Sport Golf

Tuesday 20 February 2018

Pierse faces endurance test to land 'South' title

Arthur Pierse drives off the fourth tee on his way to victory at the South of Ireland Championship at Lahinch Photo: Golffile / Thos Caffrey
Arthur Pierse drives off the fourth tee on his way to victory at the South of Ireland Championship at Lahinch Photo: Golffile / Thos Caffrey

Brian Keogh

Thoroughbred Arthur Pierse has the game to gallop to an historic first victory in the Pierse Motors South of Ireland Amateur Open Championship at Lahinch.

But at the age of 65 the former Walker Cup player admits that it's not his game that's the problem but his legs as he faces the possibility of having to play 72 holes or more over the next two days to win the amateur major he needs to complete the grand slam of Ireland's four provincial titles.

Following a 3&2 first round win over Ardee's Eugene Smith, Pierse surprised international John Ross Galbraith - a former Irish Close and North of Ireland champion - walking away a 2&1 winner to secure a last 16 appearance for the second time in four years.

After suffering what he reckons were "five or six" semi-final defeats in the 'South' over the last 40 years, the Tipperary native truly believes he can get over the line and lift the famous old trophy.

His biggest rival is not this morning's third round rival Daniel Holland of Castle but his age.

In his youth, he beat Darren Clarke 7&6 in the semi-finals en route to North of Ireland glory in 1987 and his prowess with the driver is such that Pádraig Harrington feared him.

"Arthur Pierse was unquestionably the best driver of a ball that ever played in a left to right wind," Harrington said.

"His ability to swing the golf club and strike the golf ball was as good as any pro's was or is. You worried about playing Arthur Pierse."


And Pierse?

"I am not worried about any of them," he said with a big grin. "Can I win? The legs are the only thing. Sometimes you wake up and the adrenaline has gone. But I feel a bit better this time than I did the last few times I made it this far.

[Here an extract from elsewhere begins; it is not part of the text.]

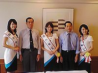 ●7月10日(木)先日、第29代ミスみなとに選ばれた「港の女王」山本彩さん「船の女王」伊藤瑶子さん「海の女王」伊藤笑子さんの3人が市議会を表敬訪問していただいたので議長と共に応対した。

"I am playing as well as anyone. If there were 18 holes every day, I'd have a great chance. But two rounds a day? Who knows? As I said, I am not worried about any of them, just me."

Pierse, who hits the ball as far as he did in his prime, made just two bogeys and made five birdies in his 35 holes, playing metronomically from tee to green and putting beautifully.

"He's still got it," Galbraith said. "I was surprised how far he got the ball out there. He just doesn't hit a bad shot."

If Pierse is the thoroughbred who never went the distance, 2010 champion John Greene from Portmarnock emerged as the working man's hero when he beat The Island's Paul McBride at the 20th to revive hopes of a second coming. Now 30 and working full-time for a private equity fund, he felt a winner at Limerick racetrack on Thursday when a horse of which he is part-owner, An Caisteal Nuadh, captured the bumper it its maiden outing.

Greene would not class himself in McBride's class but he holed a clutch eight-footer at the 18th to match McBride's birdie and force extra holes and keep alive his hopes of proving he no one-hit wonder.

He then pitched to eight feet from rough right and holed another eight-footer for birdie at the 20th where McBride came up nine feet short with his third from the apron and grazed the hole with his next.

"I am playing enough. I am trying to cruise in under the radar.

"I haven't done anything here since I won," said Greene, who was playing out of Carlow in 2010.

"I've gotten through a few rounds but I haven't covered myself in glory. I don't really enjoy being a one-hit wonder so I want to prove it to a few people."